What to produce
Please return the listing below word for word, minus its pictures.

Exercise inputs
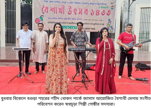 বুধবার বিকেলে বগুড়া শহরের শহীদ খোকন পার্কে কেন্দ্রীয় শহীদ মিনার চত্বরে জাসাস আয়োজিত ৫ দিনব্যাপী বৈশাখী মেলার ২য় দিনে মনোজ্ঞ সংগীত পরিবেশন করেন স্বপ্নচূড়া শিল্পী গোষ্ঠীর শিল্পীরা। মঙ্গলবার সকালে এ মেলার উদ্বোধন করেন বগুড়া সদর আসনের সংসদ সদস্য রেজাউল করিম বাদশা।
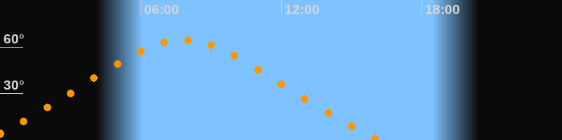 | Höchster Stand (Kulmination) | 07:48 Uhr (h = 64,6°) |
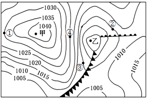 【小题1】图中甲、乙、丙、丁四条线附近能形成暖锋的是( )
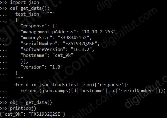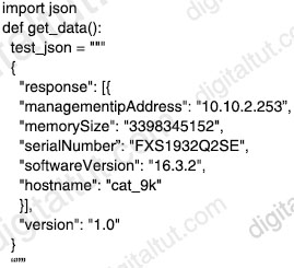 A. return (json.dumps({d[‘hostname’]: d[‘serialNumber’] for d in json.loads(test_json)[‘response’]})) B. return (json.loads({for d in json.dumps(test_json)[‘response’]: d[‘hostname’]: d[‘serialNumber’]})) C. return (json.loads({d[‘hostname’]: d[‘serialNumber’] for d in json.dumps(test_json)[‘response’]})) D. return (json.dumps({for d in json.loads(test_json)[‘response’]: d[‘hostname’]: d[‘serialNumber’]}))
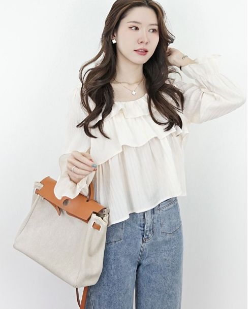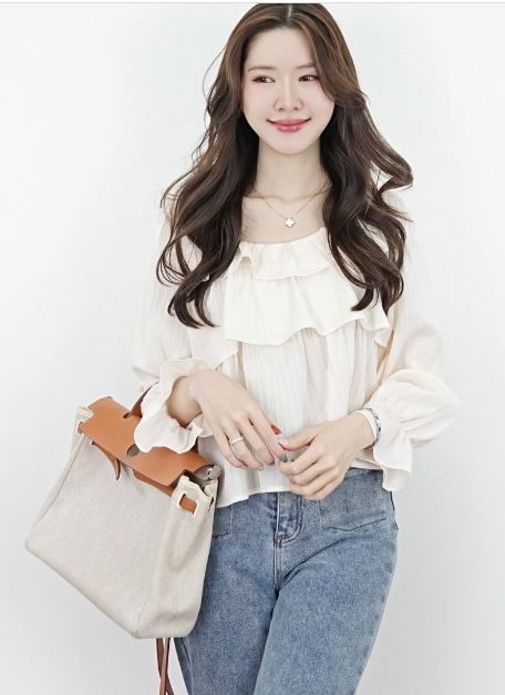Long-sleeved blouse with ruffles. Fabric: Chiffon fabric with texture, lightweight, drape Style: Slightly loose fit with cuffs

Response box
 বুধবার বিকেলে বগুড়া শহরের শহীদ খোকন পার্কে কেন্দ্রীয় শহীদ মিনার চত্বরে জাসাস আয়োজিত ৫ দিনব্যাপী বৈশাখী মেলার ২য় দিনে মনোজ্ঞ সংগীত পরিবেশন করেন স্বপ্নচূড়া শিল্পী গোষ্ঠীর শিল্পীরা। মঙ্গলবার সকালে এ মেলার উদ্বোধন করেন বগুড়া সদর আসনের সংসদ সদস্য রেজাউল করিম বাদশা।
 | Höchster Stand (Kulmination) | 07:48 Uhr (h = 64,6°) |
 【小题1】图中甲、乙、丙、丁四条线附近能形成暖锋的是( )
 A. return (json.dumps({d[‘hostname’]: d[‘serialNumber’] for d in json.loads(test_json)[‘response’]})) B. return (json.loads({for d in json.dumps(test_json)[‘response’]: d[‘hostname’]: d[‘serialNumber’]})) C. return (json.loads({d[‘hostname’]: d[‘serialNumber’] for d in json.dumps(test_json)[‘response’]})) D. return (json.dumps({for d in json.loads(test_json)[‘response’]: d[‘hostname’]: d[‘serialNumber’]}))
Long-sleeved blouse with ruffles. Fabric: Chiffon fabric with texture, lightweight, drape Style: Slightly loose fit with cuffs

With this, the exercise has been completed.